Ruma Pal & P. Venkatarama Reddi.

(arising out of SLP (Crl.) No. 426 of 2002) P.VENKATARAMA REDDI, J.

Leave granted.

Whether the High Court was justified in quashing the criminal proceedings on the ground that the police officer, who laid/recorded the FIR regarding the suspected commission of certain cognizable offences by the respondent should not have investigated the case and submitted the final report? That is the question which arises for consideration in this appeal filed by the State.
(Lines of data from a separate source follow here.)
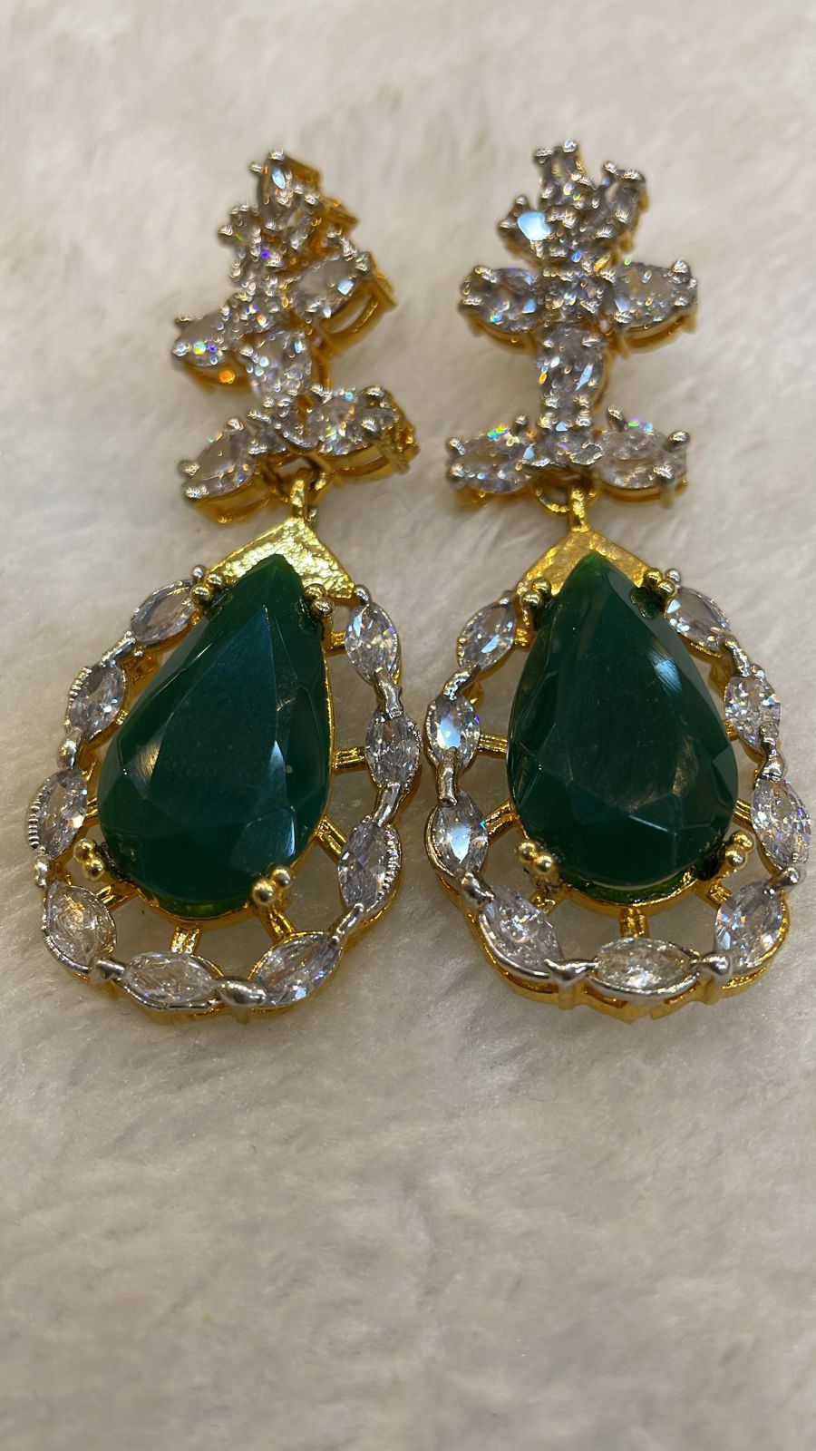 These elegant gold-plated earrings feature a stunning green stone that adds a touch of sophistication to any outfit. The high-quality materials and exquisite design make them a timeless addition to your jewelry collection. Elevate your style with these beautiful and versatile earrings.
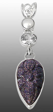 Detail Blue Goldstone Carved 13x25mm Pear, White Topaz 6x8mm Oval Cut, Pearl 6mm Round Cab
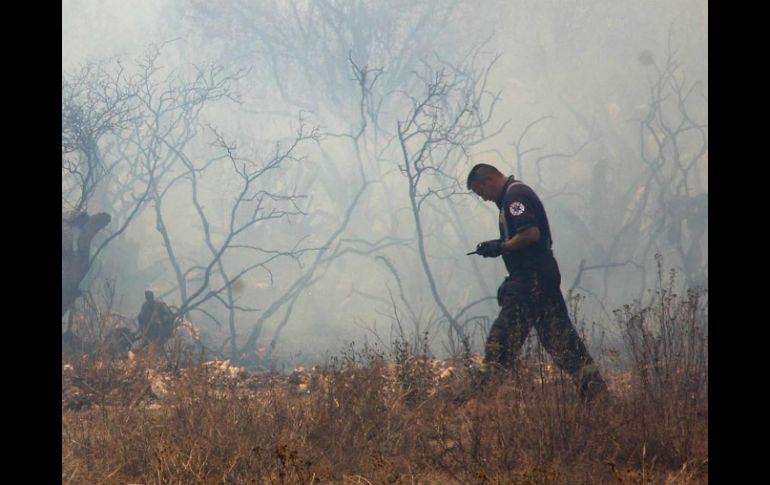 México | En el lugar trabajan brigadistas de Conafor, protección civil, entre otros Incendio forestal en SLP continúa activo Los trabajos de combate seguirán hasta que se logre un avance en el control del siniestro Por: NTX 4 de abril de 2013 - 17:21 hs Gerardo Cabrera asegura que el traslado aéreo se ha vuelto muy difícil por lo que requieren que brigadistas vayan a pie. ARCHIVO / SAN LUIS POTOSÍ, SAN LUIS POTOSÍ (04/ABR/2013).- A pesar de que controlaron dos puntos del incendio en la sierra de San Miguelito, otros dos están en una zona de difícil acceso y continúan activos, por lo que las autoridades trabajan para sofocarlos, informó Protección Civil. El titular de la Dirección de Protección Civil en el estado, Gerardo Cabrera Olivo, destacó que en el lugar combaten el siniestro brigadistas de Conafor, Protección Civil estatal y municipal, Sedena, Policía Federal, así como comuneros y ejidatarios de San Juan de Guadalupe. El funcionario estatal detalló que de acuerdo con el último sobrevuelo que se realizó en la zona afectada, es muy difícil el traslado aéreo, por lo cual será necesario que se trasladen más brigadistas, aunque esto tendrá que ser a pie y en un viaje por distintos senderos que dura más de dos horas. Agregó que el comité técnico que atiende la contingencia confirmó que hasta el momento ni el incendio ni el humo que genera el mismo han afectado a población o fauna de la zona, ni han llegado a las empresas instaladas en la zona industrial. Por último, resaltó que los trabajos de combate continuarán durante el resto de la tarde y la noche y se espera que mañana se tenga un considerable avance en el control del mismo, si las condiciones climáticas no empeoran. Temas San Luis Potosí Conafor Incendios Forestales Estados Recibe las últimas noticias en tu e-mail Todo lo que necesitas saber para comenzar tu día Registrarse implica aceptar los Términos y Condiciones
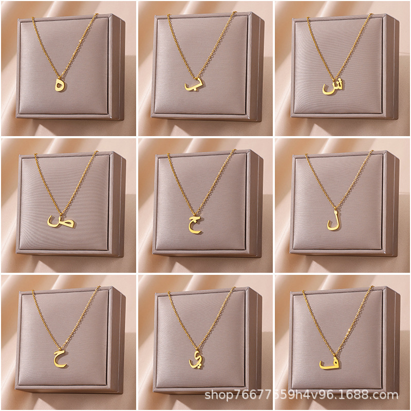 ステンレス製アラビア文字28文字ネックレス レディース鎖骨チェーン ゴールドチタン鋼カット光沢ペンダント
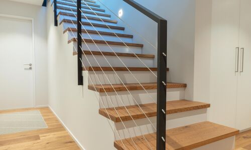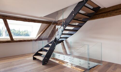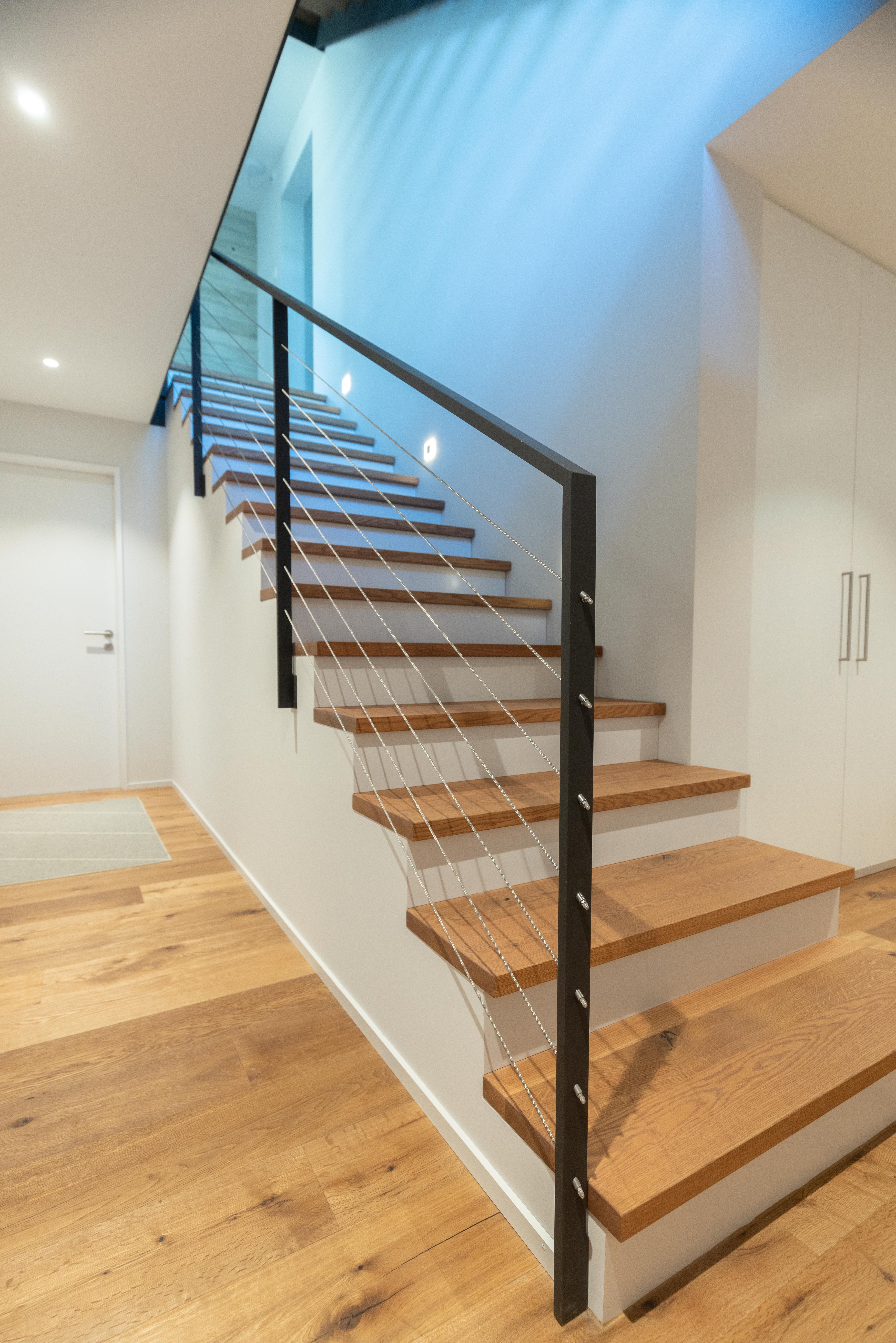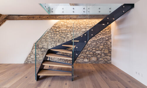 Mittels einer Treppe gelangen Sie von einer Etage in die Nächste. Aber eine Treppe kann noch viel mehr. Dieses enorm wichtige Bauteil kann wichtige Akzente bezüglich der Wahrnehmung eines Gebäudes setzen. Sie dient gleichermassen als Blickfang sowohl auch als Erschliessung zweier Stockwerke.
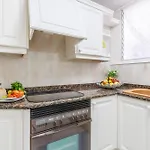 - ❓Existe uma cozinha disponível neste apartamento para uso dos hóspedes?Sim, este apartamento está equipado com cozinha totalmente equipada e oferece refrigerador, forno e artigos de vidro.
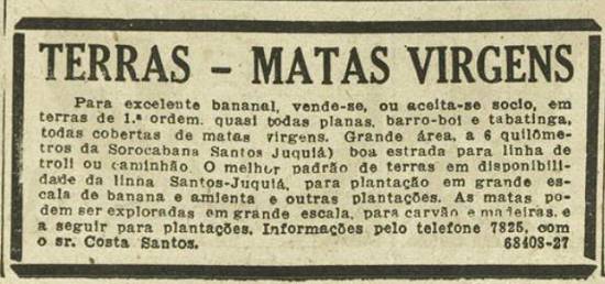 Terras - matas virgens - para bananal, a 6 km da ferrovia Sorocabana Santos-Juquiá. "As matas podem ser exploradas em grande escala, para carvão e madeiras e a seguir para plantações"
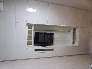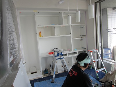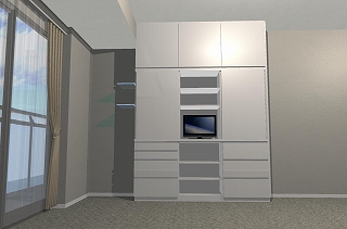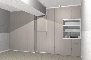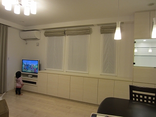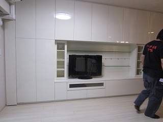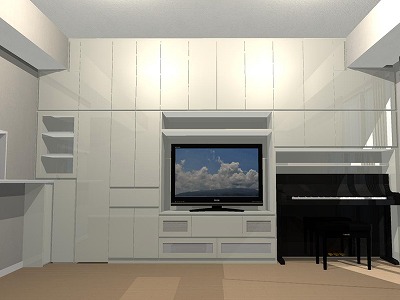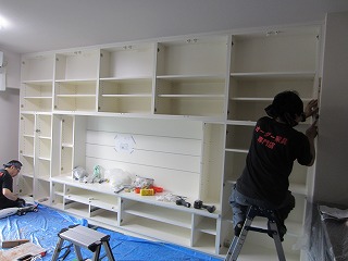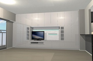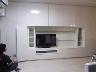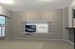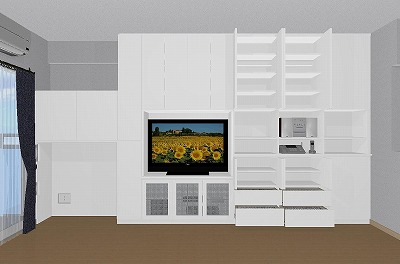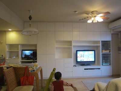 0さん宅(豊島区)に設置したリビング壁面収納です。
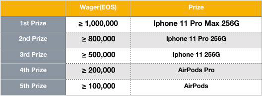 1)During the event, players who login BigGame via ET wallet and wager on any of the games with an account whose referrer is “eostokenpark”, will gain a prize according to his total wager. Each account will be granted one prize only according to the highest wager.
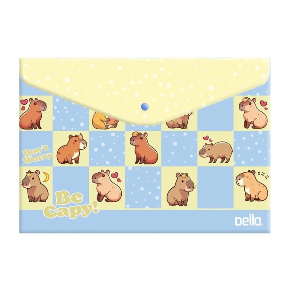 Envelope A4 produzido em polipropileno, com botão para fechamento.
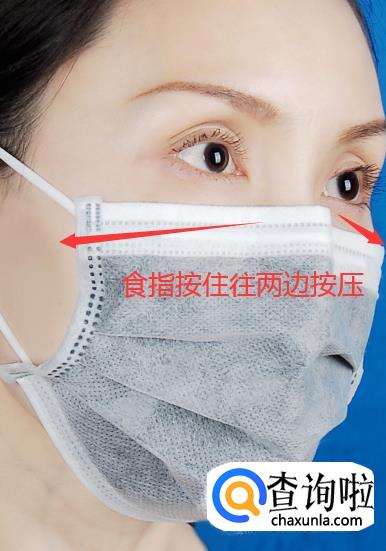 两手指在鼻子两侧轻轻按压金属条;再将口罩下端拉至下颚,调整至与脸间无隙为好。

On 9.9.1996, the Inspector of Police (Vigilance & Anti- Corruption), Tirucharapalli on the basis of the information received that the respondent-accused was indulging in corrupt practices by extracting money from the drivers and owners of the motor vehicles while conducting check of the vehicles and making use of certain bogus notice forms in the process, prepared the First Information Report, registered the crime under Sections 420, 201 IPC and Section 13(2) read with Section 13(1)(d) of the Prevention of Corruption Act. A copy of the FIR was submitted to the Court of CJM- cum-Special Judge, Tirucharapalli. He then proceeded to take up investigation, gathered information, examined the witnesses and filed the charge-sheet in the Court together with a list of documents including the police notice books and hand-writing experts' reports. The respondent was implicated for the offences under Sections 465, 468 IPC and Section 7 and 13(2) read with 13(1)(d) of P.C. Act. The respondent-accused then moved the High Court of Madras to quash the proceedings. The learned Judge of the High Court, relying on the decision of this Court in Megha Singh vs. State of Haryana [(1996) 11 SCC 709] and two other decisions of the Madras High Court, allowed the application and quashed the proceedings. This is what the learned Judge observed:

"In view of the consistent rulings of the Supreme Court and of this Court, I am obliged to hold that the very same police officer who registered the case by lodging a first information ought not to have investigated the case and that itself had caused prejudice to the accused. " We have no hesitation in holding that the approach of the High Court is erroneous and its conclusion legally unsustainable. There is nothing in the provisions of the Criminal Procedure Code which precluded the appellant (Inspector of Police, Vigilance) from taking up the investigation. The fact that the said police officer prepared the FIR on the basis of the information received by him and registered the suspected crime does not, in our view, disqualify him from taking up the investigation of the cognizable offence. A suo motu move on the part of the police officer to investigate a cognizable offence impelled by the information received from some sources is not outside the purview of the provisions contained in Sections 154 to 157 of the Code or any other provisions of the Code. The scheme of Sections 154,156 and 157 was clarified thus by Subba Rao, J. speaking for the Court in State of U.P. vs. Bhagwant Kishore [AIR 1964 SC 221].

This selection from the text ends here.